Evaluation of an Intervention to Improve Essential Obstetric and Newborn Care Access and Quality in Cotopaxi, Ecuador

Despite improvements in health-care utilization, disadvantages persist among rural, less educated, and indigenous populations in Ecuador. The United States Agency for International Development-funded Cotopaxi Project created a provincial-level network of health services, including community agents to improve access, quality, and coordination of essential obstetric and newborn care.

From 2010 to 2013, the 21 poorest parishes (third-level administrative unit) in Cotopaxi were targeted for a collaborative health system performance improvement. The intervention included service reorganization, integration of traditional birth attendants with formal supervision, community outreach and education, and health worker technical training.

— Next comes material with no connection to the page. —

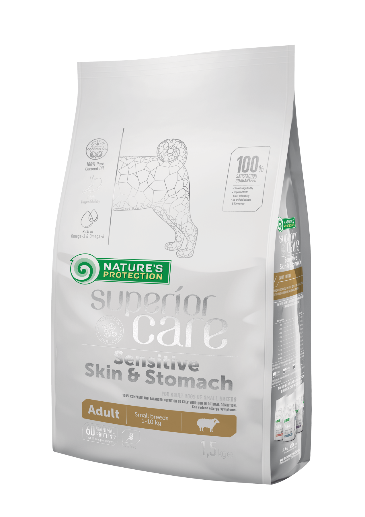 Nature's Protection Superior Care Sensitive Skin&Stomach Grain Free with Lamb для дорослих собак усіх порід – це повнораціонний збалансований сухий корм супер преміум класу з високоякісними джерелами білка та сировиною. Цей повнораціонний сухий корм спеціально розроблений для собак малих порід з особливо чутливою шкірою та травною системою. Він збагачений інгредієнтами, які не подразнюють травну систему і забезпечують ідеальну роботу для гарного самопочуття улюбленця. Повноцінний склад сухого корму не тільки забезпечить вашого улюбленця всіма необхідними поживними речовинами, але й гарантує ідеальну засвоюваність та смакові якості.

Extensive data was collected to evaluate improvements in participating facilities compared to non-participating comparison facilities. In the participating facilities, we observed an increase in the percentage of women receiving a postnatal visit within the first 2 days of delivery and the percentage of women receiving postpartum counseling. The project increased community and facility care quality and improved mothers’ health knowledge. Intervention parishes experienced a nearly continual reduction in newborn mortality between 2009 and 2012 compared with an increase in control parishes. All results were statistically significant.

The project established a comprehensive coordinated provincial-level network of health services and strengthened links between community, primary, and hospital health care. This improved access to, quality, use, and provision of essential obstetric and neonatal care and survival. Based on these findings, Ecuador’s Ministry of Health is scaling up the model nationally.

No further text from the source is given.